Se a Footlocker estava bem com um lucro de US$ 50 por par, não entendo por que, só porque o custo por par subiu, ela precisaria refletir US$ 75 de lucro no custo. Manuseio dos tênis, espaço da loja, publicidade e mão de obra não são todos custos fixos?
Alguns custos de fato aumentam linearmente conforme o preço do produto. Se o custo do estoque dobra, pode ser preciso usar dívida com juros mais altos para financiá-lo, e coisas como seguro também sobem para perto de pelo menos o dobro
Taxas de transação, como cerca de 2% de tarifa de cartão, e itens como risco de devolução também crescem linearmente
Quando o preço sobe, o volume vendido também cai. Se um tênis custava US$ 100 na semana passada e agora custa US$ 200, ele vende menos e os furtos também aumentam
Se o preço de atacado passa de US$ 50 para US$ 100, pode ser necessário mais do que uma margem fixa de US$ 50. Na prática, US$ 100 pode estar certo ou até ser insuficiente, e especialmente nesse tipo de “bem de luxo” o volume de vendas é a maior preocupação
Digamos que a Foot Locker tente manter um lucro absoluto de US$ 50 e venda por US$ 125 em vez dos antigos US$ 100
Nesse caso, mais pessoas deixam de comprar o tênis novo, a demanda cai, e o lucro absoluto total da Foot Locker também diminui
Mas, como você disse, custos fixos como espaço da loja, publicidade e mão de obra continuam iguais
Por isso, para manter a rentabilidade, ela precisa aumentar ainda mais o preço; aí a demanda cai mais, mas no fim se chega a um equilíbrio em algum ponto mais alto. O ponto em que o lucro absoluto total é maximizado tende a ficar perto do mesmo markup de 100% de antes
Não precisa ser exatamente igual, mas em geral esse tipo de coisa tende a se mover em termos percentuais, mais do que em valores absolutos. Quando o custo de fabricação cai, o lucro absoluto por unidade também pode cair, e felizmente isso é compensado porque mais pessoas compram
Eles operam não por par de tênis, mas por dólar. Se a margem cai, o capital se desloca para lugares mais rentáveis, e os preços sobem até que as margens voltem a se nivelar entre investimentos produtivos semelhantes
Por trás do alto markup dos varejistas existe uma estrutura de vender produtos da temporada passada com grandes descontos. É isso que significa “proporção fixa para evitar prejuízo”

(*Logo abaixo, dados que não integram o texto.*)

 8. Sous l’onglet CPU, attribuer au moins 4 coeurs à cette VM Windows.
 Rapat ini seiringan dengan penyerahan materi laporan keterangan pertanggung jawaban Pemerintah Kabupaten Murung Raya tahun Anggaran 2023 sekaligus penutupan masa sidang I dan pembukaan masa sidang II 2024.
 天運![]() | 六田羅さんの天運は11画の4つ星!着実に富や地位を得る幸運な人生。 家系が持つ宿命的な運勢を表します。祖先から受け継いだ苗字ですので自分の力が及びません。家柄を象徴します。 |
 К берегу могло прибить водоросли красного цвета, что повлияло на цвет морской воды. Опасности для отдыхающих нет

Se uma loja mantém 10 mil pares de tênis a US$ 50 cada, ela está segurando US$ 500 mil em estoque. Se o preço do tênis passa a US$ 75, são necessários mais US$ 250 mil para o mesmo estoque. O capital para estoque não é de graça
Resumindo de novo o resumo para eu mesmo entender: quando um tênis de US$ 100 é vendido por US$ 76, US$ 24 vão para o exterior, US$ 8 para o governo dos EUA, US$ 33 para funcionários ou empresas dos EUA, US$ 5 para a Nike e US$ 6 para a Footlocker
Mas, com uma tarifa de 100%, vira um tênis de US$ 100 vendido por US$ 100, ou um tênis de US$ 132 vendido por US$ 100: US$ 24 para o exterior, US$ 29 para o governo dos EUA, US$ 33 para funcionários ou empresas dos EUA, US$ 7 para a Nike e US$ 7 para a Footlocker
Para que um fabricante de tênis dos EUA venda mais barato que os importados, a estrutura de um tênis Made in USA de US$ 100 teria de ser: mais de US$ 7 para o governo dos EUA, US$ 79 para funcionários ou empresas dos EUA, US$ 7 para a Nike e US$ 7 para a Footlocker
O trecho essencial é: “Se a Footlocker compra um tênis Nike por US$ 75, vende no varejo por US$ 150. Todo mundo precisa de uma proporção fixa para evitar prejuízo”

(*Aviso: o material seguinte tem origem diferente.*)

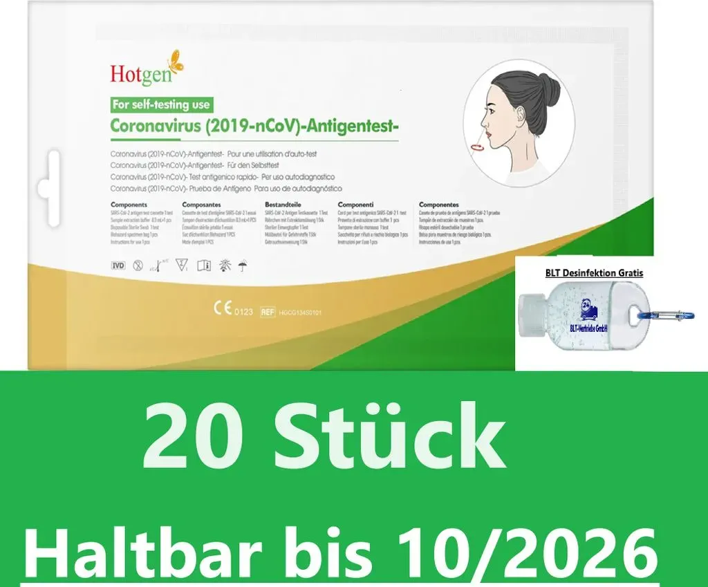 Der angezeigte Preis könnte seit dem letzten Update gestiegen sein - EAN: 4250397300023 - Antigen-Schnelltest zum qualitativen Nachweis des Coronavirus (SARS-CoV-2) - schnelle und zuverlässige Testergebnisse innerhalb von 10-15 Minuten - zur Eigenanwendung - Probeentnahme im unteren Nasenbereich - 95,37% Sensitivität, 99,13% Spezifität... - Zustand: NEW - bei Metro.de - gefunden von Buycentral Dieses 20er-Pack Hotgen Tests bietet ein gutes Preis-Leistungs-Verhältnis und eine lange Haltbarkeit bis 2026. ![]() ![]() Beijing Hotgen Biotech Co. 20x Hotgen BIO-TECH COVID-19 & Antigen Haltbarkeit 11/10/2026 +BLT 30ml DesinfektGRATIS! Schnelltest Rapid Test 20 Stück | CE 2934 | Corona Covit ...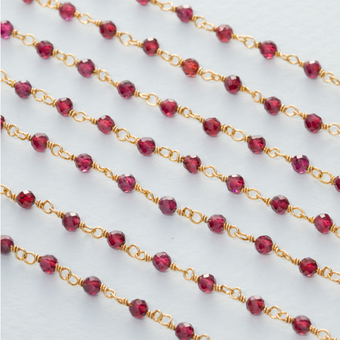 Łańcuch srebrny AG925 pozłacany z granatem fasetowanym 3mm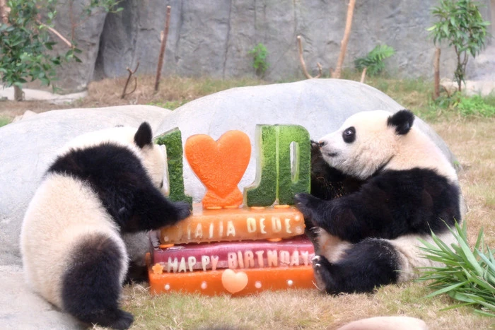 Điểm nhấn đặc biệt trong năm 2025 là việc kỷ niệm sinh nhật đầu tiên của cặp gấu trúc song sinh đáng yêu, Jia Jia và De De. Cặp gấu trúc này được sinh ra vào ngày 15/8/2024, đánh dấu một sự kiện lịch sử khi chúng là cặp gấu trúc đầu tiên được sinh ra tại Hong Kong. Đặc biệt hơn, mẹ của chúng, Ying Ying, đã trở thành gấu trúc mẹ lớn tuổi nhất sinh sản thành công trên thế giới.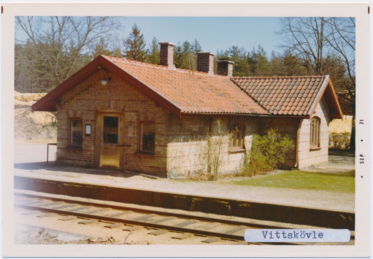 Stationen byggd 1881.Hållplats anlagd 1880. Envånings stationshus i tegel, byggt i vinkel. Stationshuset används för fritidsändamål av SJ-personal 1991. Uthus och lastkaj finns kvar, godsmagasinet är rivet. Sidospår med godstrafik fanns till våren 1988 till Vittskövle Sågverk. "Huset ser ut att ha stått öde sedan trafiken upphörde. Det är övervuxet med utslagna rutor, men taket och de stabila tegelvägggarna finns kvar. Banvallen är cykelväg. Stationshuset och en perrong ligger på banans östra sida, där det också finns ett mycket stort sågverk. På banans västra sida ligger en mycket lång lastkaj med flera avsnitt med olika höjd. (Besök juli 2012)." Enlig tbanvakt.se

O problema do resumo é misturar custo unitário e lucro líquido de uma forma que não fecha. Por exemplo, se depois de aumentar o preço desse jeito o volume de vendas cair pela metade, os US$ 17 marcados como “custo da Footlocker” provavelmente viram algo como US$ 34, e o lucro da Footlocker passa a -US$ 10
O custo absoluto não mudou. Ela paga o mesmo dinheiro a funcionários e pela loja, mas, se vende metade dos tênis, o custo por par dobra
Não é só o volume de vendas que afeta os US$ 17. Outros custos, como tarifas de cartão e perdas de estoque, também aumentam conforme o custo unitário
Mesmo que a Nike ganhe um pouco mais por par, no total é bem provável que ganhe menos
A parcela que vai para o exterior não muda, e os dólares americanos que vão para outros países continuam iguais. O aumento de custo de US$ 24 é bancado pelo consumidor americano
Construir do zero até os fornecedores de materiais para fabricar os tênis custa milhões de dólares e leva anos
Se os tênis da Nike ficarem mais caros do que os produzidos domesticamente, isso não é justamente, em certa medida, o efeito pretendido?

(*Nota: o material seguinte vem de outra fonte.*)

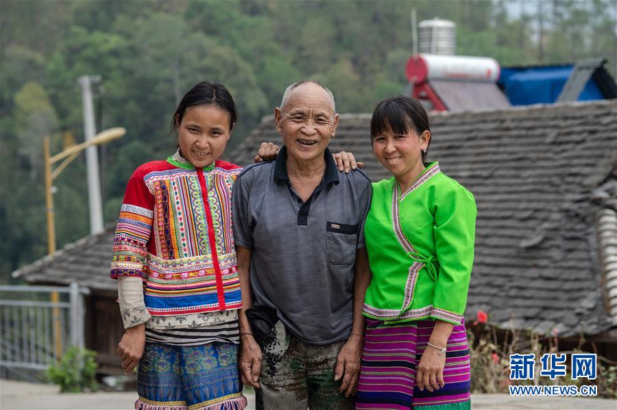 在云南省勐??h布朗山鄉(xiāng)曼囡村曼班三隊(duì),娜四(右)和父親(中)、妹妹在村里合影(4月12日攝)。新華社記者胡超攝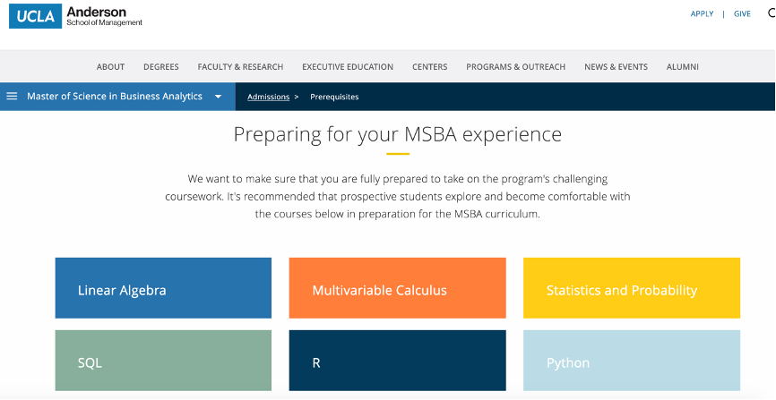 1.https://www.anderson.ucla.edu/degrees/master-of-science-in-business-analytics/admissions/prerequisites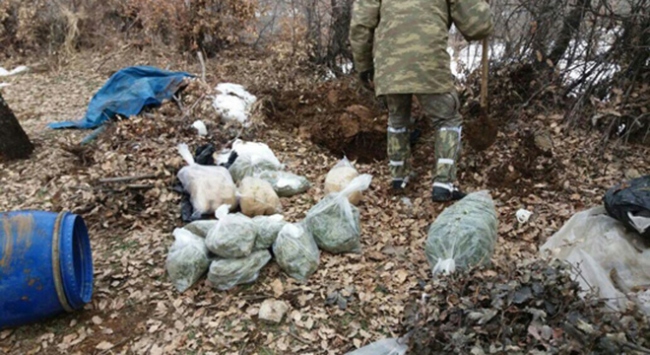 Operasyonda, 10 ev ve eklentisi ile Çavundur köyünün çevresinde yapılan aramada, araziye gömülü vaziyette 308 kilogram esrar, 15 kilogram kenevir tohumu ile sargı bezi, steril bisturi ucu, enjeksiyonluk solüsyon gibi çok sayıda tıbbi malzeme ele geçirildi.

Sempre me perguntei por que, em cada etapa da cadeia de suprimentos, o preço aumenta de forma exponencial
No exemplo, a fábrica produz o tênis por US$ 12,50 e vende para a Nike por US$ 25; a Nike vende para a Footlocker por US$ 50; e a Footlocker vende ao cliente por US$ 100. Todos esperam acrescentar cerca de 100% sobre o custo
Mesmo que o markup não seja de 100%, não entendo por que ele deveria ser uma porcentagem do custo. Se a fábrica de calçados consegue ganhar US$ 12, por que a Nike e a Footlocker não poderiam ganhar US$ 12 cada uma e vender no varejo por US$ 50?
Não estou dizendo que isso deveria mudar; só tenho curiosidade sobre por que é assim. Se a Footlocker também vende tênis baratos de US$ 50, o trabalho de colocá-los na loja deve ser parecido; então ela compra esses tênis por apenas US$ 25? Por que o custo de lidar com um tênis barato é metade?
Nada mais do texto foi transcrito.